As someone mentioned reason I have picked 40 to stop is I need an end game it is mentally exhausting you try looking at 6 laptops at one time chatting on skype with other gamblers and having every sporting event thats on refreshing on a betfair screen in real time , while logging into a few hundred accounts , its tough , its not at all glamorous and the administration work alone is a full time job , moving money about to 700+ different bookmakers , jumping through hoops to get your money back its not a life I want to do forever.

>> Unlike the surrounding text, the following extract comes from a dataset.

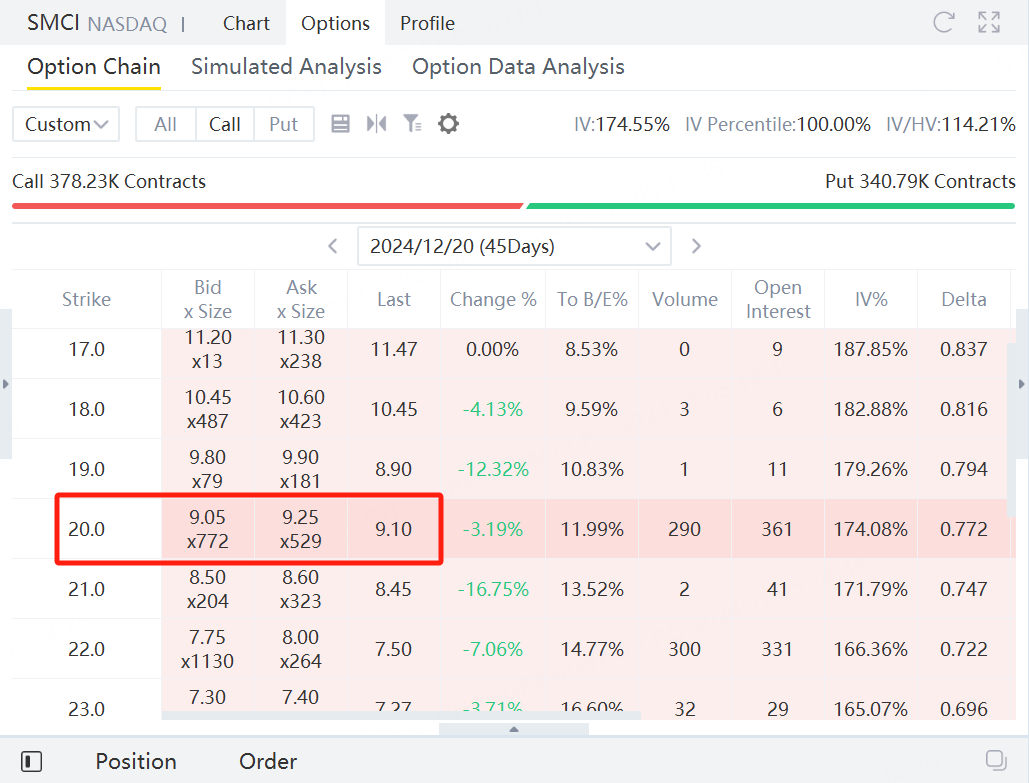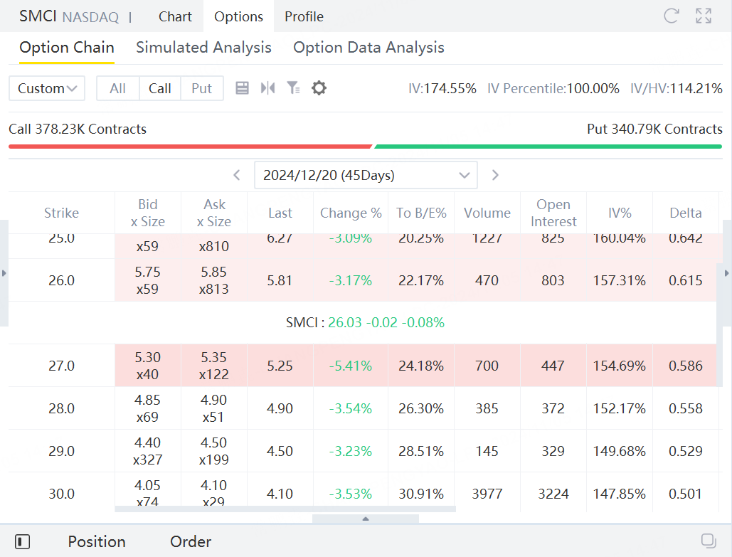 Taking SMCI as an example, suppose SMCI’s current price is $26, and an investor anticipates a drop to around $20 by December 20. The investor can use a bearish call spread strategy to short SMCI.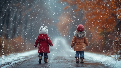Joyful Children Exploring a Snowy Winter Wonderland Together

Already im mentally exhausted if i make it to 40 and have a good few quid behind me id love to close the laptops and be able to sit and relax and a watch sport without having to bet on it . having too much money disconnects you with others and life aswell , I can lose more than i make in a month and then have to get up for work the next day its a head f*ck.

To answer a question re Betfair bots, people buy or make software and program it to place bets for them at Betfair , they program in what odds should be at certain times in games and certain scores , the bot places the bet for them if the odds match there criteria , these are not always 100% accurate , it really is an essay in itself to explain why this is the case and i am a terrible explainer (not sure thats a word!) but my grammer and writing is also terrible so apologies anyone reading this.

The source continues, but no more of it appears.